‘I need to see the crash site’

Written By Unknown on Senin, 30 Maret 2015 | 23.18

Grief stricken ... Carol Friday's brother and nieces make the emotional journey to the crash site. Picture: Ella Pellegrini Source: Supplied

Recovery teams in the French Alps have reportedly found the DNA of plane crash co-pilot Andreas Lubitz.

THEY suspect it may have been a murder but for the family of two Australian victims of Germanwings Flight 9525, it's a word that for now is hard to form as they come to terms with the enormity of their loss and grief.

Carol Friday's brother Malcolm Coram and his daughters Georgie and Pippa yesterday drove into the Alps and bade an emotional farewell at a site in the shadow of the mountain that claimed the lives of their loved ones.

"I had a need to come here I really did, I probably didn't think I really would but when you are faced with that disaster in your family … I dearly would love to visit it but this is the closest I can get, " an emotional Malcolm said yesterday after he lay a wreath at a granite memorial erected in the village of Le Vernet, the closest point the families of the victims can get to the hazardous site.

They hugged, cried and comforted each other and brought private messages and poems from family back home as well as a painting Carol had produced.

Tragic ... Carol had flown to Spain to celebrate her 68th birthday.
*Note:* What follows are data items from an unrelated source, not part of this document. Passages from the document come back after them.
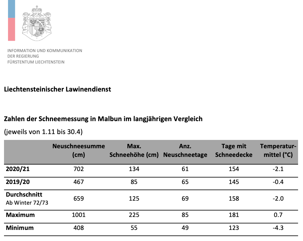 Der Liechtensteinische Lawinendienst blickt auf einen schneereichen Winter mit einem neuen Rekordwert zurück. Die Saison war seit acht Jahren eine der kältesten und verzeichnete grosse Neuschneemengen.
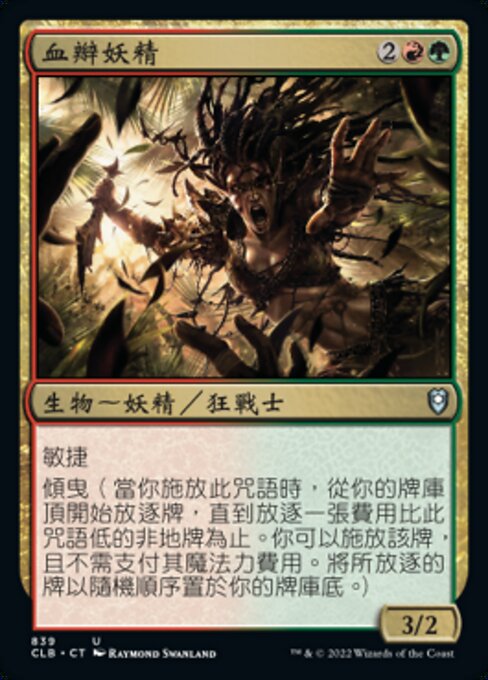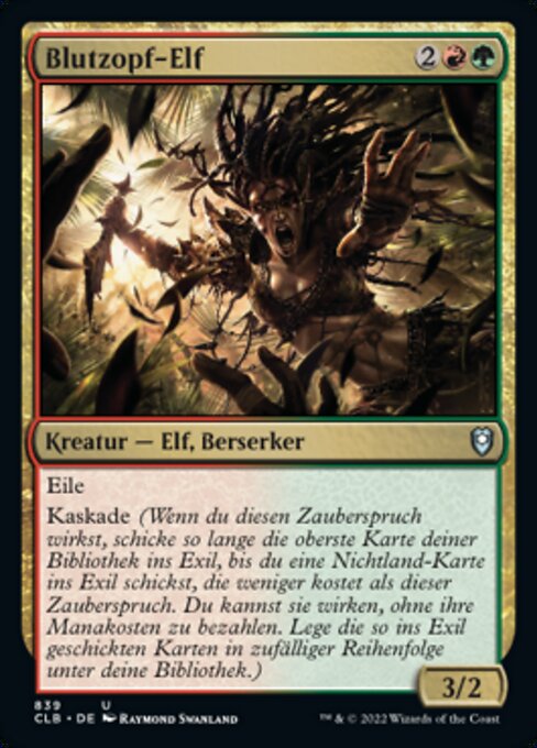 |  Variations— Parts— | Elfa Tranças-de-sangue3 / 2 Ímpeto Cascata (Quando conjurar esta mágica, exile cards do topo de seu grimório até exilar um não de terreno com custo inferior. Você pode conjurá-lo sem pagar seu custo de mana. Coloque os cards exilados no fundo de seu grimório em ordem aleatória.)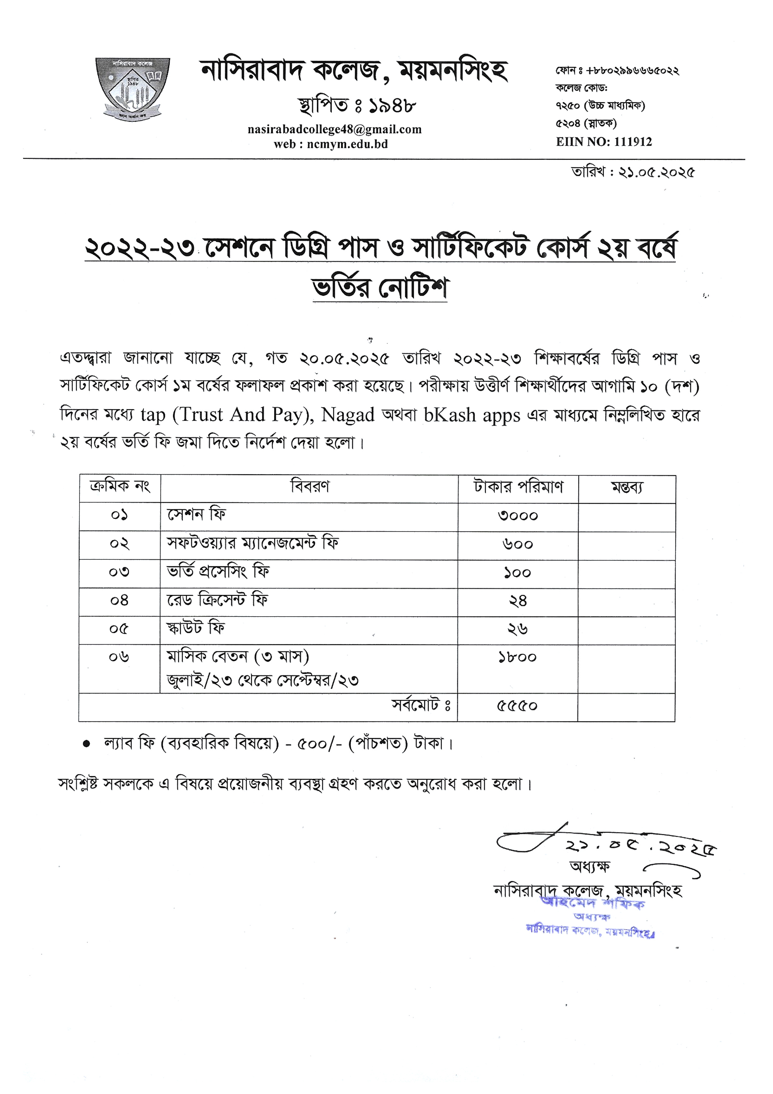 ২০২২-২৩ শিক্ষাবর্ষে ডিগ্রি পাস ২য় বর্ষের বেতনাদি পরিশোধ সংক্রান্ত নির্দেশনা

Source: Supplied

With a backdrop of an Australian flag flapping in the Alpine breeze held high by the gendarmes, he uttered "I love you forever" over and over to his sister and nephew. Malcolm said Carole's husband Dave was too grief stricken to make the journey having lost half his family but they felt stricken too for the family of the co-pilot Andrea Lubitz who stands accused of the intentional murder of the 149 people on that flight.

Ambitious ... Greig had planned to stay in Europe to become an English teacher. Source: Supplied

"It's just a shock losing your family in one go, Dave lost half his family in one second, you feel sorry for the parents of the pilot. Wow how would you feel if your child did that?"

Malcolm said there was not yet conclusive proof as to the cause of the crash and he wants it that way for the moment as it "helps us".

"Just the enormity of it right now with the added emotion was too much for us at this stage," Georgie said.

"Maybe down the track we will be able to process the anger that comes up thinking that someone did this on purpose and then it's essentially murder but that is too much for our family at this stage."

Malcolm described his sister as the linchpin of the family and her son had inherited her traits as a compassionate loving person.

'Mass murderer' ... the co-pilot of Germanwings flight 4U9525 Andreas Lubitz takes part in the Airport Hamburg 10-mile run on September 13, 2009. Picture: AFP Source: AFP

He revealed his brothers back in Australia were still in denial.

"I now know the true meaning of the words grief stricken," he said.

It has been a long drawn journey, not just physically for the family flying from their home in Victoria via Germany, but also an emotional one that no one should go through. Bad enough to lose a loved one, made worse still with the knowledge they were innocents and it was at the hand of a troubled stranger.

Georgie said to know it as a mass murder as prosecutors in France and Germany now believe, has made the trip all the more difficult to bear.

Recovery ... rescue workers and gendarmerie continue their search operation near the site of the Germanwings plane crash. Picture: Getty Source: Getty Images

Carol, who had worked as a nurse for 40 years, had celebrated her 68th birthday in Spain with her mechanical engineer son Greig who had been hoping to then stay on in Europe to become a teacher of English.

Malcolm read a message from Greig's partner at the site too.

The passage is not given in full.